The Vicariate of Tucupita in Venezuela remembers the first anniversary of the death of Father Josiah Kokal, a Consolata missionary.

The Warao are the second largest ethnic group in Venezuela (after the Wayú group), with an estimated population of about 40 thousand people, who live mainly in the Orinoco River Delta.

By Juan Pablo de los Ríos *

We, the Consolata Missionaries, arrived in this territory in 2006 to accompany the indigenous pastoral care of the Vicariate of Tucupita. We did so initially from Nabasanuka, where we started a mission together with the Consolata Missionary Sisters; then a second presence was opened in Tucupita, the capital of the Delta Amacuro State, not only to have a support point, but also to accompany the large number of Warao families who are leaving their territories to seek better living conditions in the city.

Father Josiah Okal: the “Bake Mekoro”

January 1, 2024 was a sad day for both the Warao community and the Consolata Missionaries, because it was the day of the unexpected and tragic death of Father Josiah Okal. They called him “Bake Mekoro” –“Black Father” in the Warao language–; he spent the 25 years of his priestly ministry in his “beloved” Venezuela, and much of this time among the Warao people. 

In addition to having received Venezuelan nationality, he was also a great scholar of the Warao language and culture and an expert in their habits and customs. Father Okal was in love with these people and left an indelible mark on the people and communities he accompanied during the many years of his missionary service in this country so far from his Kenya. 

Warao community prays at the grave of Father Kokal

It is therefore not surprising that, in the commemoration of the first year of his departure, at the Eucharist presided by the Bishop of the Vicariate of Tucupita, Monsignor Ernesto Romero, many members of the different Warao communities were present to pay homage, with much gratitude, to the one who was a pastor, a dear friend, a counselor, a promoter of ancestral and traditional values, a tireless announcer of the Gospel of Jesus. 

“We must learn to love these people,” he constantly repeated to those who shared the work of the indigenous pastoral care of the Vicariate. He always told the Warao to “not always cry and complain about the difficulties,” but to raise their heads and fight for their rights. 

 Gratitude, supplication and discernment were the three words that the Bishop emphasized during the homily and that were echoed in some testimonies of people who were close to Father Okal and shared time with Him. 

Ernesto Romero, bishop of the Vicariate of Tucupita with a group of Consolata missionaries.

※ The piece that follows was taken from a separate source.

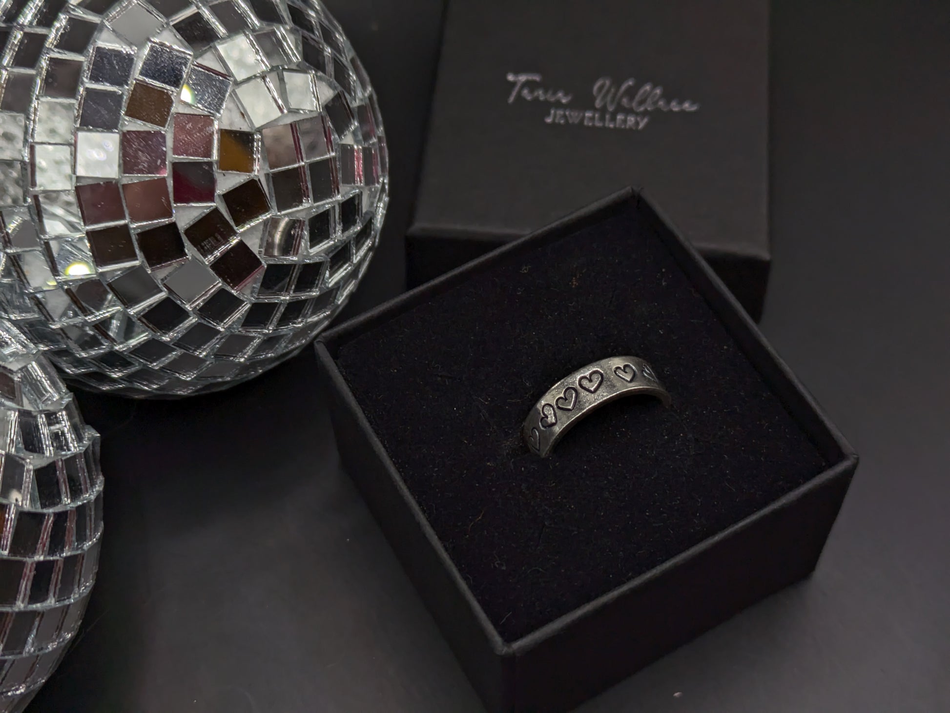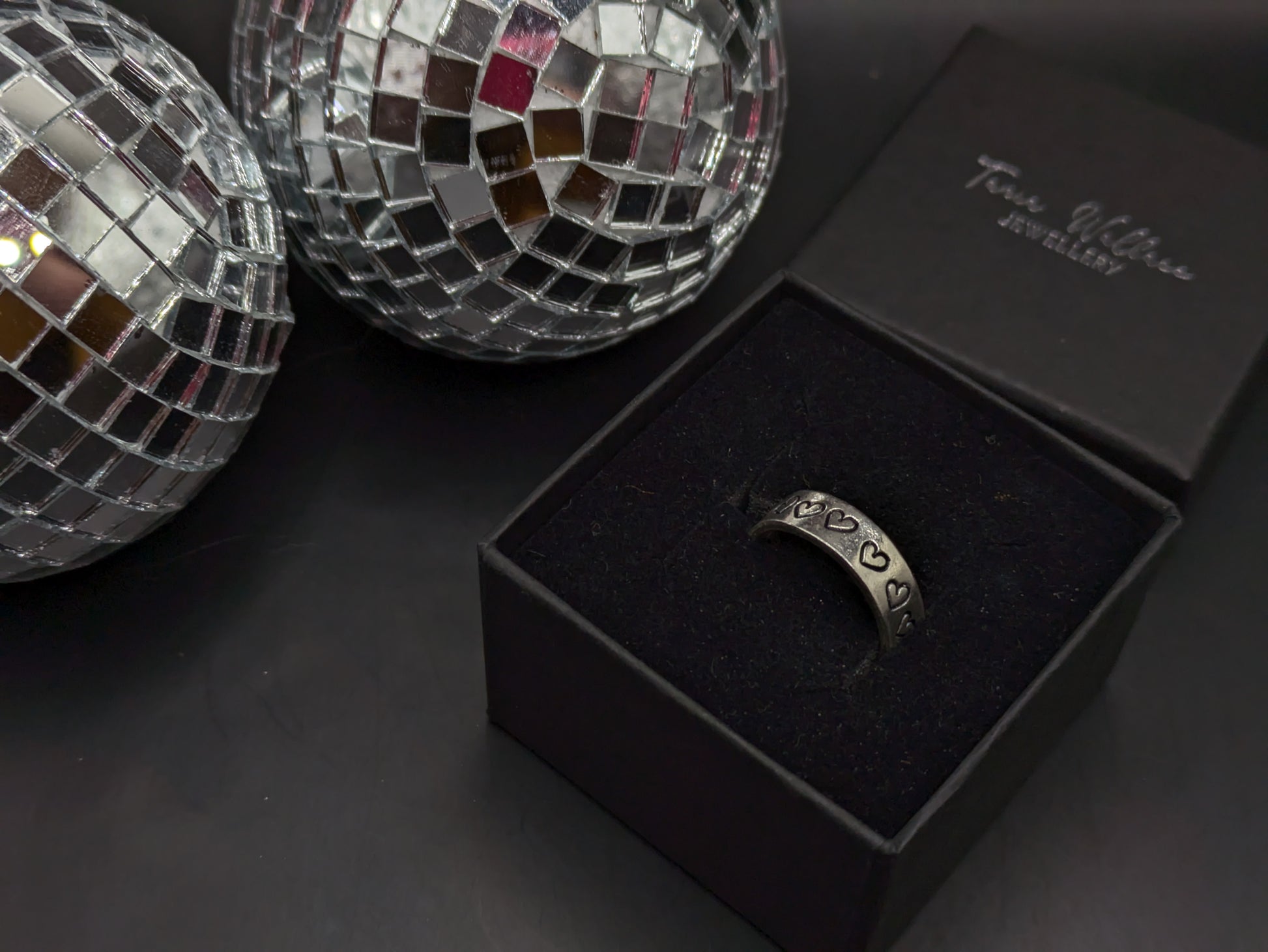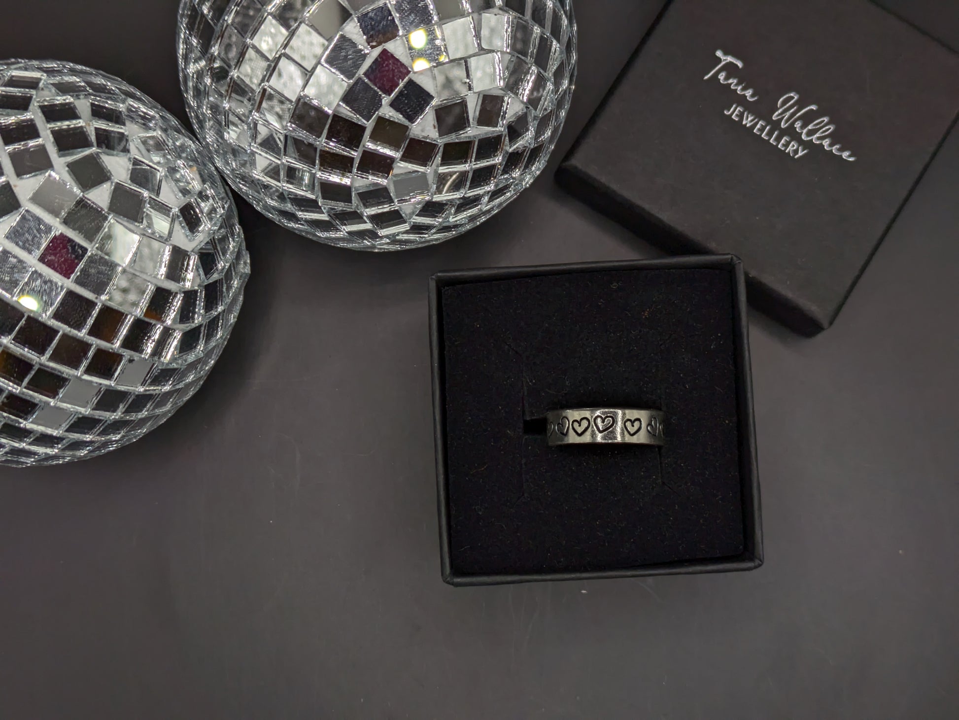A gorgeous 5mm wide sterling silver band ring with hand punched heart designs coated in an enamel black to highlight the design.

The Eucharistic celebration, accompanied by catechists and animators of the Warao communities, had some significant gestures such as the enthronement of the Word, songs in the native language and the traditional dance next to his tomb in one of the naves of the parish of San José in Tucupita. The dance accompanies the deceased in the beginning of the journey in search of his ancestors, but also makes him present when the community gathers and dances again in his honor. 

“Yi ka Bare are jese” you are our priest forever, they wrote on the commemorative poster, because, as one of them explained: “you have become one with us and you are buried in our land”. 

 This was the life of “Bare mekoro” Okal, a Consolata Missionary who taught that the mission ad gentes is also “ad vitam, ad extra, ad pauperes”. Even after a year he left us, he is still very present among the Warao, and he is their priest forever. 

* Juan Pablo de los Ríos, IMC, General Councilor for America.

Father Kokal’s tomb in Tucupita, Venezuela.